La pause avait commencé depuis quelques minutes lorsque la voiture, nettoyée, d'Hayley se gara sur le parking. Sa poitrine attira le regard d'un groupe de garçons, estomaqué par sa sensualité et sa façon de les regarder. Elle était enfin célibataire, elle voulait faire payer à Tyler sa trahison mais ces lycéens étaient trop idiots. Il faudrait quelqu'un comme Klaus. Et c'est justement lui qu'elle avait. Il avait enfin cédé, il lui proposait de se voir et d'après le message qu'elle avait reçu, ce n'était pas pour discuter. Heureuse, Hayley réajusta son décolleté et sortit son téléphone, voulant relire le message.
«Hayley, j'ai pris ton numéro dans le téléphone d'Elena. Caroline et les autres pensent que c'est pour une vengeance mais j'ai une autre idée en tête. Ne t'attends pas à des sentiments, c'est juste pour s'amuser. Ça fait des années que je sors avec Caroline mais j'ai besoin de voir ailleurs, juste pour quelques mois. Ne le dis à personne ou je nierai. Je t'attends près du parc, à quelques minutes du lycée. Tu as gagné Sweetheart, j'ai craqué. Klaus.»

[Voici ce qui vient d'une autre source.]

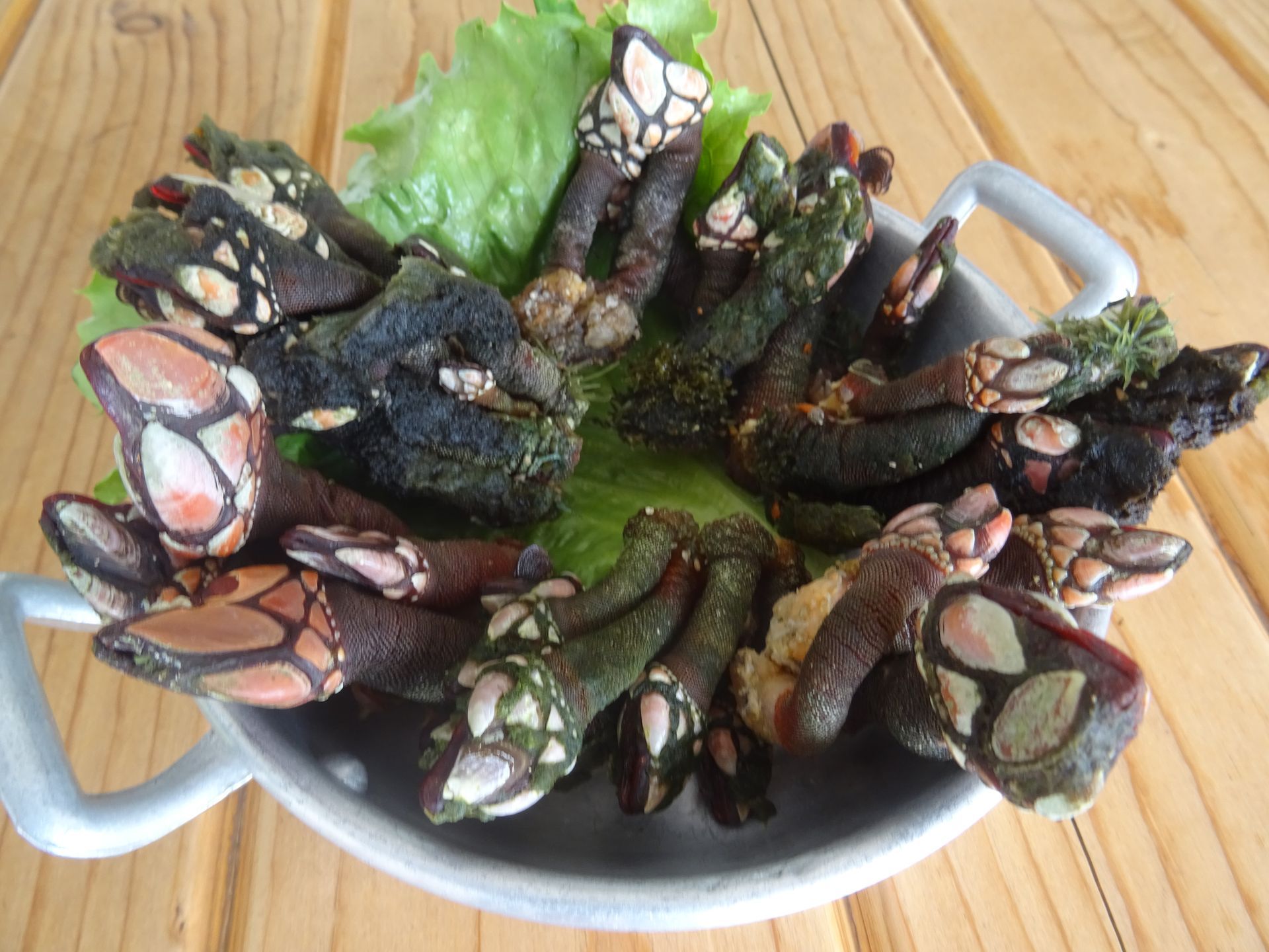 Claudia schläft und da ich sie nicht stören will, verbringe ich den Nachmittag dösend und schreibend im Garten und gehe später auf einen Kaffee ins Sozialhaus, wo Diane mir frische Percebes anbietet, die ein Fischer gebracht hat. Es muss demnach ein Fisch sein. Doch Diane sagt, sie heißen auch Entenmuscheln und gelten in Portugal als sündteure Delikatesse. Ich kenne auch keine Entenmuscheln und beschließe spontan, sie zu probieren. Was mir kurze Zeit darauf serviert wird, sieht aus wie Schildkrötenbeine und ich mache bei der jungen Frau, die Diane in der Küche hilft, erst einen Lehrgang, um zu lernen, wie man diese Dinger isst. Ich bekomme einen großen Schlabberlatz um den Hals gehängt und Diane schützt die Fenster neben dem Tisch mit einem Tuch. Offenbar wird das eine rechte Sauerei! Ich stelle mich ziemlich blöd dabei an, die Dinger aufzubrechen, um an das „Fleisch“ zu kommen. Es schmeckt nicht wirklich, doch ich esse alles auf und brauche danach dringend einen Schnaps.

Hayley s'arrêta à quelques mètres du parc et se regarda dans une vitrine. Son décolleté était plongeant, son jean moulant et ses cheveux bouclés. Elle avait ôté son rouge à lèvres, préférant souligner ses yeux verts d'un trait d'eye-liner. Aujourd'hui, c'était le grand jour. Elle était certaine que Klaus oublierait Caroline ou du moins la tromperait. Elle avait parié sur plusieurs mois de travail mais il avait craqué, à sa plus grande surprise. Puis, l'adolescente était sûre que ce n'était pas une farce parce qu'elle avait vu le groupe des Mikaelson, des Salvatore et Bennet assis près du lycée, souriants. Ils ne savaient même pas où était Klaus.
Elle, elle savait. Dans quelques minutes, il serait à elle. Il serait dans ses bras, il serait aussi attentionné que Tyler l'avait été avec Jessica. Il murmura son prénom, caressera ses joues et ses hanches, lui montrera qu'il était mieux que son ancien petit-copain. Klaus oubliera Caroline dans ses bras et autant qu'il le voudra. Et elle, elle lui prouvera qu'elle était mieux que la jolie blonde. Que ses baisers étaient plus passionnés, son corps plus doux et sensuel.
Hayley arriva dans le parc et se dirigea tout naturellement vers le point de rendez-vous, souriante et confiante. Son sourire s'agrandit lorsqu'elle vit une ombre assis sur un banc.
Klaus était juste en face, seul et sérieux. L'adolescente se sentit bouillir, elle était enfin la gagnante. Le bel apollon était enfin à elle, tout à elle. Il oublierait enfin Caroline, elle sera sa petite-amie et pourra enfin rabaisser son ennemie. Ce n'était qu'une question de temps. Mais pour l'instant, elle voulait juste profiter de ce moment dans les bras de Klaus.
«- C'est moi que tu voulais voir ? Sourit Hayley, impatiente.»
Le jeune Mikaelson releva sa tête, lança un regard soutenu vers l'adolescente et lui sourit. Un sourire que jamais Hayley lui avait vu, un sourire dont Caroline n'avait jamais eu le droit. Cette pensée fit frémit la belle brune, il était enfin à elle.
«- Tu es enfin là.»
Hayley enleva sa veste tout en se dirigeant vers Klaus.